Парламентские дебаты Витте считал лишь тормозом для реформ.
Но вместо того, чтобы преодолеть внутренние противоречия в
стране, политический курс Витте лишь обострил их. Таким образом, в
России одновременно ужесточились три конфликта, в большей мере уже
разрешенных на Западе: это был конституционный, рабочий и аграрный
вопрос. Самодержавие лишилось социальных корней, и пустота, окружившая
двор, драматически обнаружила себя во время Русско-японской войны.
Общество без особой горечи восприняло поражение царской армии,
кое-кто в лагере левой интеллигенции даже бурно его приветствовал.
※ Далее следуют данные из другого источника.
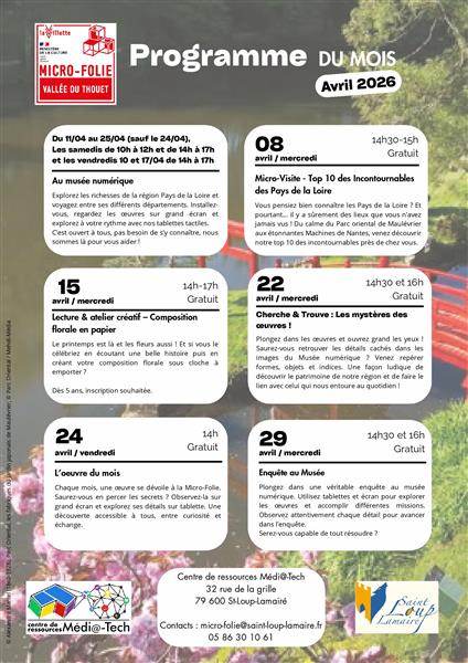 La Micro Folie Vallée du Thouet est un espace culturel innovant qui propose un musée numérique, des ateliers d'arts plastiques et des activités au Fablab. Elle dispose aussi d'un espace de réalité virtuelle, de jeux vidéos et de malettes pédagogiques pour les groupes. Son concept itinérant permet d'apporter la culture au plus près des habitants. La Micro Folie est ouverte les samedis de 10 h à 12 h et de 14 h à 17 h du 11 au 25 avril et les vendredis 10 et 17 avril de 14 h à 17 h. La Micro Folie propose de nombreuses animations. Chaque mois, une thématique défini les animations, les oeuvres exposées... Retrouvez le programme complet dans les images et dans la rubrique "Manifestations" du site.

Ленин заявил, что поражение нанесено не русскому народу, а его злейшему
врагу — царскому правительству. Нужно сказать, что столь крайняя пораженческая
позиция была не такой уж редкостью в лагере оппозиционных сил.
Оказавшись в изоляции, двор был вынужден искать компромисса с
обществом. Манифест 17 октября 1905 года обещал России основные гражданские
права и предусматривал созыв Государственной Думы. Наступил конец
неограниченной монархии.
Отныне интеллигенция уже не висела в пустоте, — революция Пятого
года это наглядно показала. Осуществилась давняя мечта интеллигентов
объединиться с народом. “Внизу” почитание царя мало-помалу сменилось
безоглядной верой в революцию. Но этот успех странным образом не вызвал
безоговорочного одобрения у членов “ордена”, так как часть интеллигенции
к этому времени успела сменить вехи.
На рубеже столетия в русских образованных кругах, как, впрочем,
и на Западе, распространились веяния “конца века”. Возникло скептическое
отношение к позитивистским моделям мира, к вере в прогресс. Необычайно
возросло влияние ведущих критиков идеи прогресса Достоевского и
Ницше. В итоге среди образованных кругов наметилась своего рода деполитизация.
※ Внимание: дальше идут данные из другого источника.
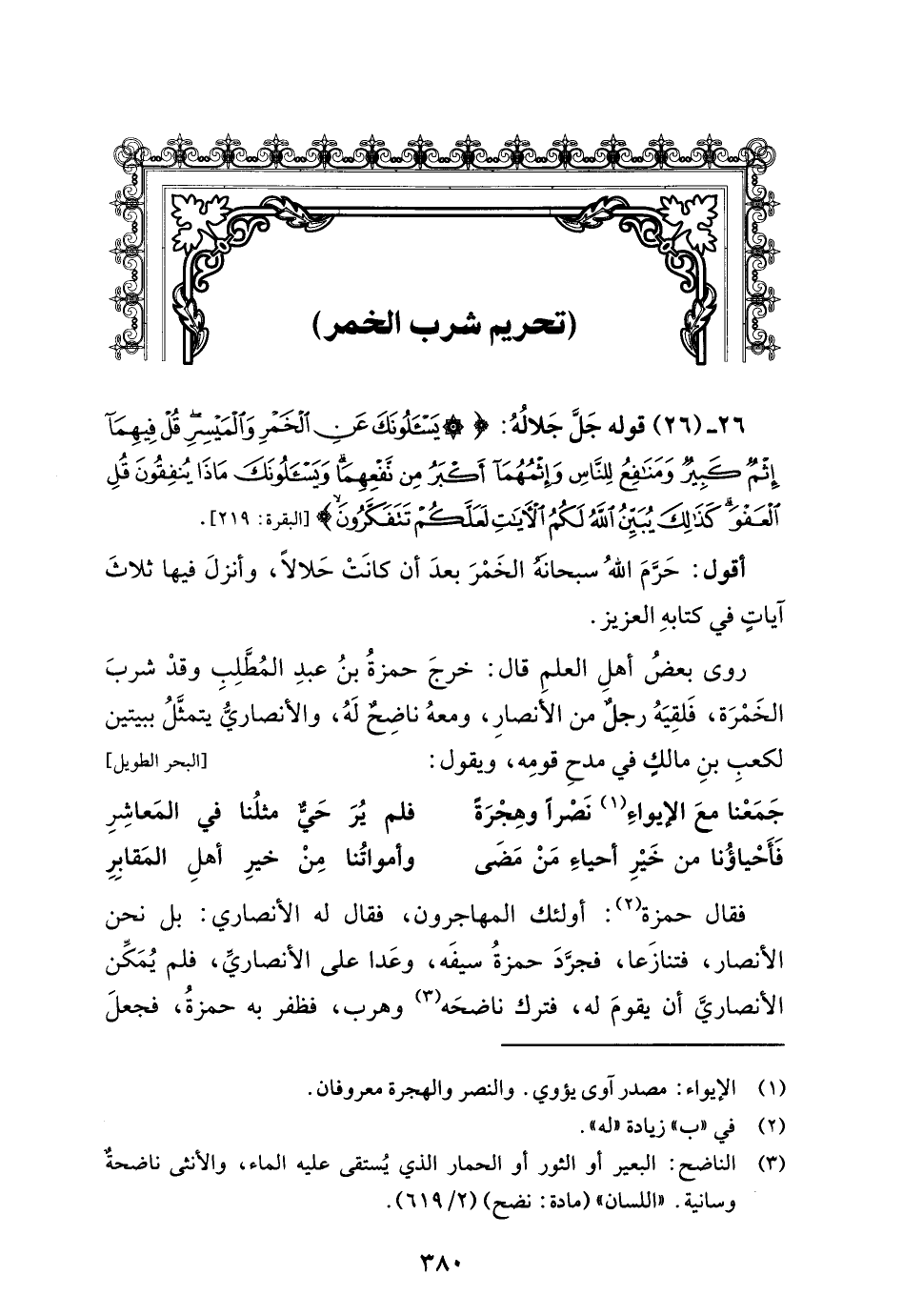 روى بعضُ أهلِ العلمِ قال: خرجَ حمزةُ بنُ عبدِ المُطَّلِبِ وقدْ شربَ الخَمْرَة، فَلقِيَهُ رجلٌ من الأنصارِ، ومعهُ ناضِحٌ لَهُ، والأنصاريُّ يتمثَّلُ ببيتين لكعبِ بنِ مالكٍ في مدحِ قومِه، ويقول: [البحر الطويل]

Начинался знаменитый Серебряный век. Взоры многих интеллигентов
обратились к духовным и эстетическим проблемам, эти люди покидали
“орден”. Поворот отчетливо обозначился в сборнике 1902 года “Проблемы
идеализма”, в котором участвовали многие бывшие марксисты: Петр
Струве, Семен Франк, Николай Бердяев, Сергей Булгаков. Еще резче эти
авторы разделались с прежними идеалами в другом широко известном
сборнике “Вехи” (1909 г.). Идеология “ордена” с ее традиционным манихейским
делением мира на абсолютное зло и абсолютное добро (самодержавие
и народ) была расценена не более и не менее, как род коллективного
психоза. Раздались призывы к компромиссу и терпимости, к смирению
и признанию, что достигнуть земного рая, да еще с помощью революционного
насилия, невозможно.
Вопреки предостережениям защитников неограниченной самодержавной
власти: качественные изменения системы после революции 1905 года
отнюдь не сокрушили монархию. Созыв Думы предоставил оппозиционным
лидерам открытую общественную трибуну: вчерашние противники системы,
прежде всего либералы, склонялись к примирению с установившимся
порядком.
Что же касается широких народных масс, то на их настроения эта
смена тенденций никак не повлияла. В результате неустанной просветительской
деятельности интеллигенции массы пришли в движение и остановить
их, взывая к умеренности, было уже невозможно. Да и сам “орден”, вопреки
новым веяниям, все еще не мог пожаловаться на недостаток борцов, как
ветеранов, так и новых “послушников”. Одновременно с “Проблемами
идеализма” появилась другая работа, оказавшая решающее влияние на
все позднейшее развитие России, — “Что делать?” Ленина. Здесь впервые
шла речь об организации профессиональных революционеров с целью
“перевернуть Россию”. Эта зловещая и пророческая формулировка, в
сущности, совпала с настроением российских низов. Маленькая и ослабленная
внутренними раздорами партия большевиков превратилась в грозную
силу.
В стане русской интеллигенции большевики стояли особняком. В
своих теоретических воззрениях они сохраняли верность позитивизму
и историческому оптимизму XIX века, свойственному большинству
прежних поколений интеллигенции. Новые философские, научные и общекультурные
течения, потрясшие на рубеже веков веру в незыблемость материальных
основ мира, находили, правда, отклик у некоторых членов партии, но
не у ее лидера. В 1904 году, в разговоре с Николаем Валентиновым,
Ленин даже заявил, что поправлять Маркса непозволительно. Он рассматривал
Российскую социал-демократическую партию не как семинар для обсуждения
идей, а как боевую организацию. Наивный материализм Ленина и его
сторонников многим современникам казался устаревшим. Но это не мешало
растущему успеху партии. Более того, именно благодаря известной
примитивности своего мировоззрения партия большевиков приблизилась
к психологии народных масс; деятели религиозно-философского возрождения
вообще не имели никакого общего языка с народом.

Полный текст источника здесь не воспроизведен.